Collector是什么?还是看源码吧。这也是最权威的解释说明。
- /**
- * <p>Expert: Collectors are primarily meant to be used to
- * gather raw results from a search, and implement sorting
- * or custom result filtering, collation, etc. </p>
- *
- * <p>Lucene's core collectors are derived from {@link Collector}
- * and {@link SimpleCollector}. Likely your application can
- * use one of these classes, or subclass {@link TopDocsCollector},
- * instead of implementing Collector directly:
- *
- * <ul>
- *
- * <li>{@link TopDocsCollector} is an abstract base class
- * that assumes you will retrieve the top N docs,
- * according to some criteria, after collection is
- * done. </li>
- *
- * <li>{@link TopScoreDocCollector} is a concrete subclass
- * {@link TopDocsCollector} and sorts according to score +
- * docID. This is used internally by the {@link
- * IndexSearcher} search methods that do not take an
- * explicit {@link Sort}. It is likely the most frequently
- * used collector.</li>
- *
- * <li>{@link TopFieldCollector} subclasses {@link
- * TopDocsCollector} and sorts according to a specified
- * {@link Sort} object (sort by field). This is used
- * internally by the {@link IndexSearcher} search methods
- * that take an explicit {@link Sort}.
- *
- * <li>{@link TimeLimitingCollector}, which wraps any other
- * Collector and aborts the search if it's taken too much
- * time.</li>
- *
- * <li>{@link PositiveScoresOnlyCollector} wraps any other
- * Collector and prevents collection of hits whose score
- * is <= 0.0</li>
- *
- * </ul>
- *
- * @lucene.experimental
- */
- public interface Collector {
- /**
- * Create a new {@link LeafCollector collector} to collect the given context.
- *
- * @param context
- * next atomic reader context
- */
- LeafCollector getLeafCollector(LeafReaderContext context) throws IOException;
- }
Collector系列接口是用来收集查询结果,实现排序,自定义结果集过滤和收集。
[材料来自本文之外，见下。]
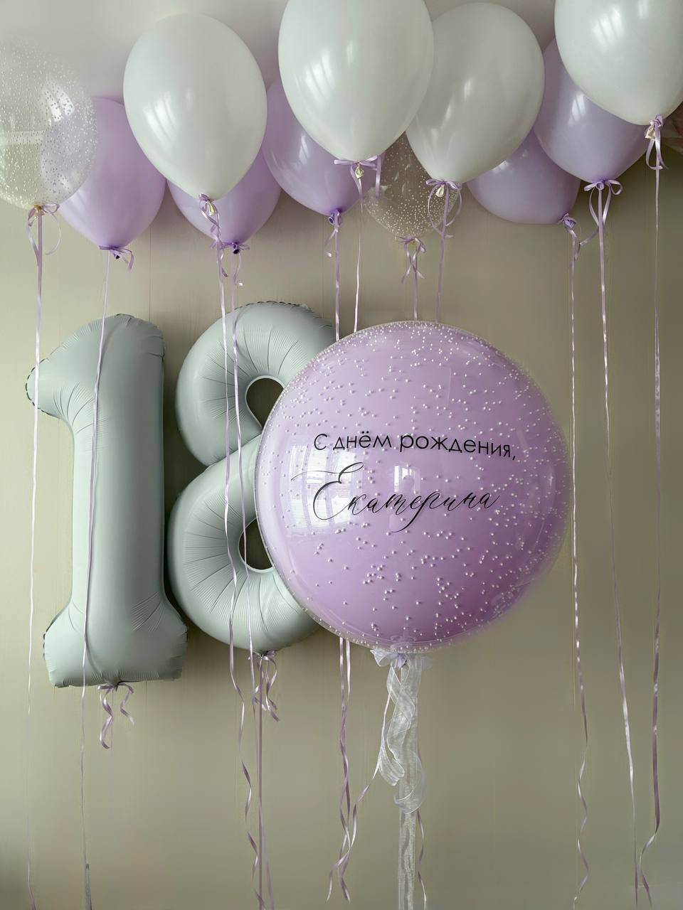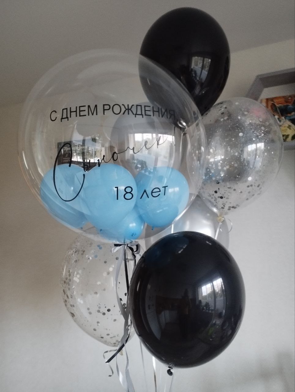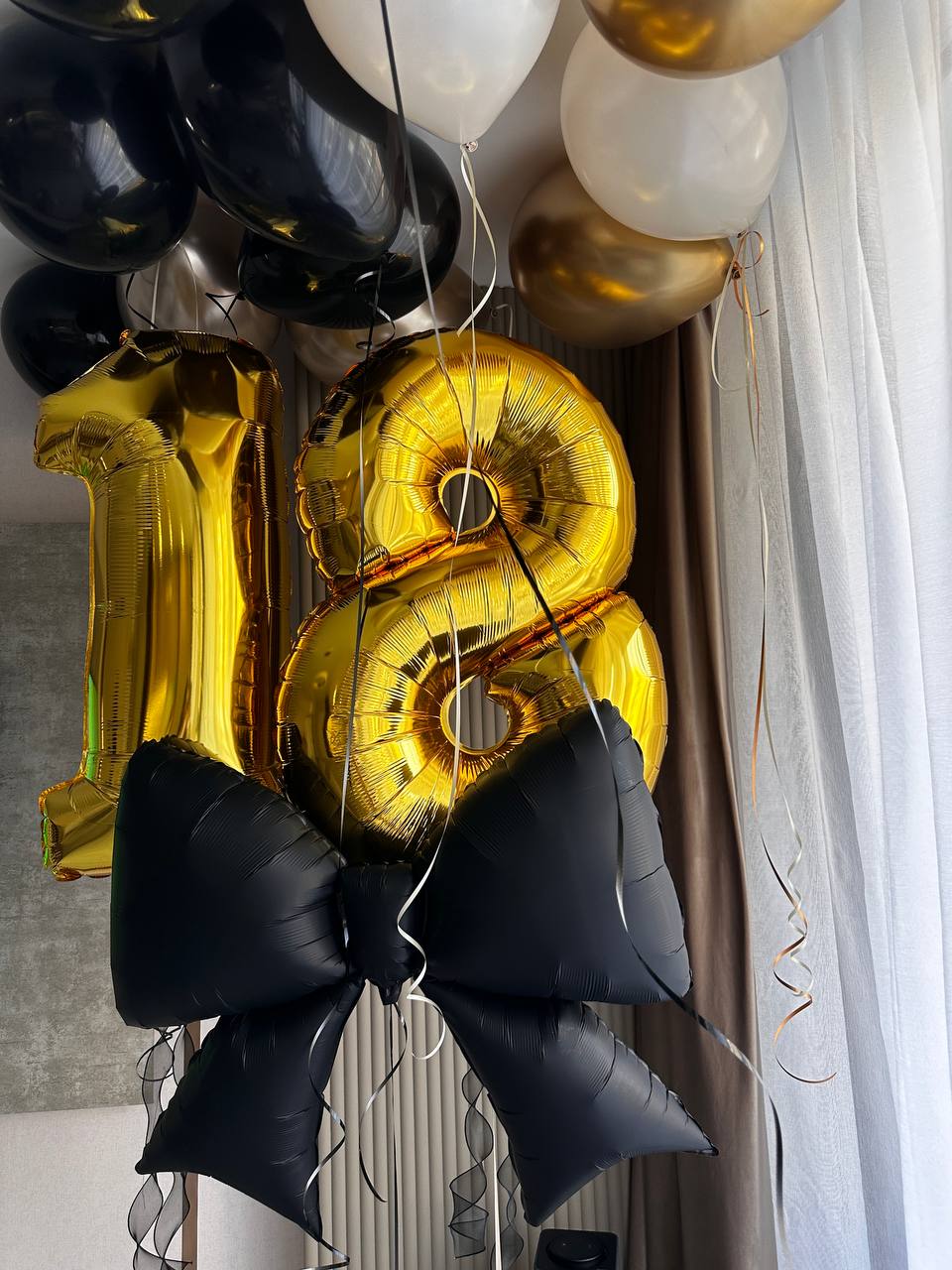 цифры 18, черный бант, 11 шаров под потолок

Collector和LeafCollector是Lucene结果集收集的核心。
TopDocsCollector:是用来收集Top N结果的,
TopScoreDocCollector:它是TopDocsCollector的子类,它返回的结果集会根据评分和docId进行排序,该接口在IndexSearcher类的search方法内部被调用,但search方法并不需要显式的指定一个Sort排序器,TopScoreDocCollector是使用频率最高的一个结果收集器接口。
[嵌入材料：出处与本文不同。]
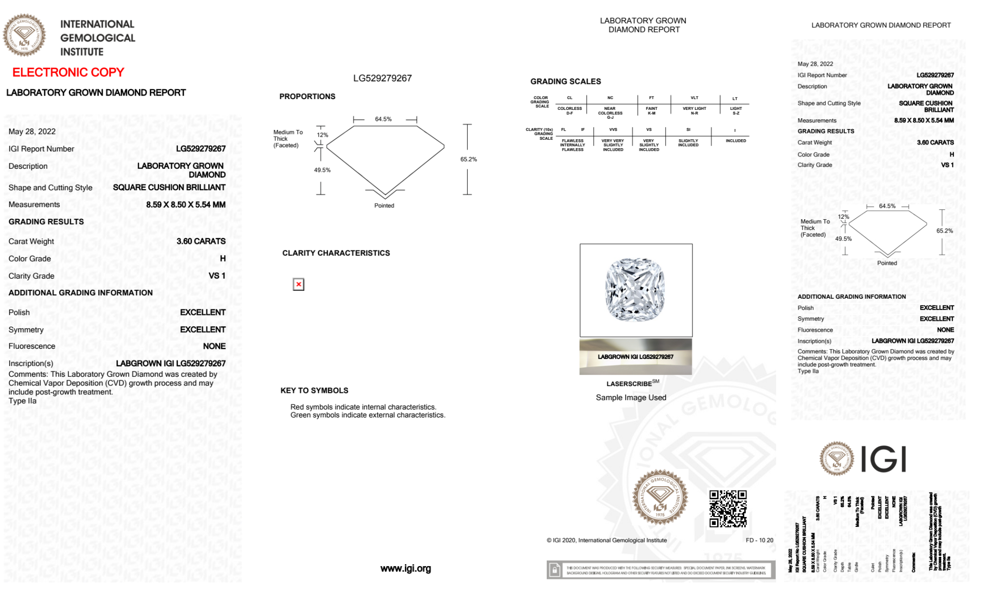 Your 3.60 carat Cushion lab diamond is graded H color (Near Colorless), and you can read more about H color diamonds here.
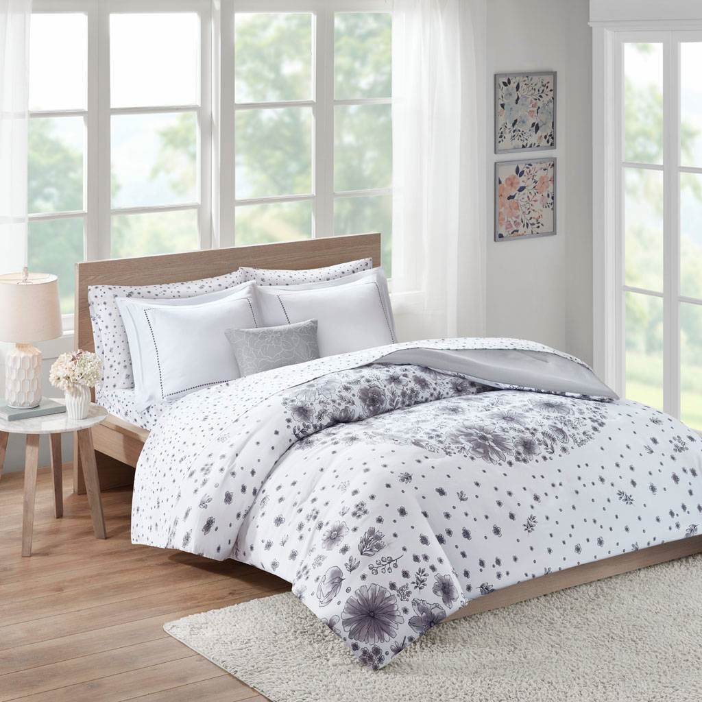 Twin size 6-piece White Grey Floral Pattern Microfiber Comforter Set

TopFieldCollector:它也是TopDocsCollector的子类,跟TopScoreDocCollector的区别是,TopScoreDocCollector是根据评分和docId进行排序的,而TopFieldCollector是根据用户指定的域进行排序,在调用IndexSearcher.search方法时需要显式的指定Sort排序器。
TimeLimitingCollector:它是其他Collector的包装器,它的功能是当被包装的Collector耗时超过限制时可以中断收集过程。
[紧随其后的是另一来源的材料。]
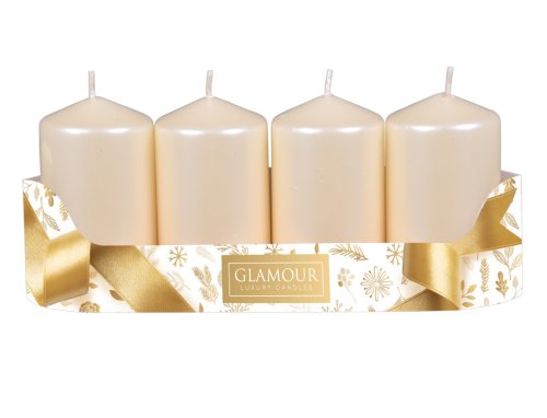 Súprava adventných sviečok. Majú tvar valca a povrch majú hladký, v úprave metalický lesk. Sú jednoduché a zároveň veľmi efektné. Doba horenia: 30 hodín. Rozmer: priemer 5 cm, výška 9 cm. Balenie obsahuje 4 ks sviečok. Farba: béžová.

PositiveScoresOnlyCollector:从类名就知道它是干嘛的,Positive正数的意思,即只返回score评分大于零的索引文档,它跟TimeLimitingCollector都属于其他Collector的包装器,都使用了装饰者模式。
Collector接口只有一个接口方法:
- LeafCollector getLeafCollector(LeafReaderContext context) throws IOException;
根据提供的IndexReader上下文对象返回一个LeafCollector,LeafCollector其实就是对应每个段文件的收集器,每次切换段文件时都会调用一次此接口方法。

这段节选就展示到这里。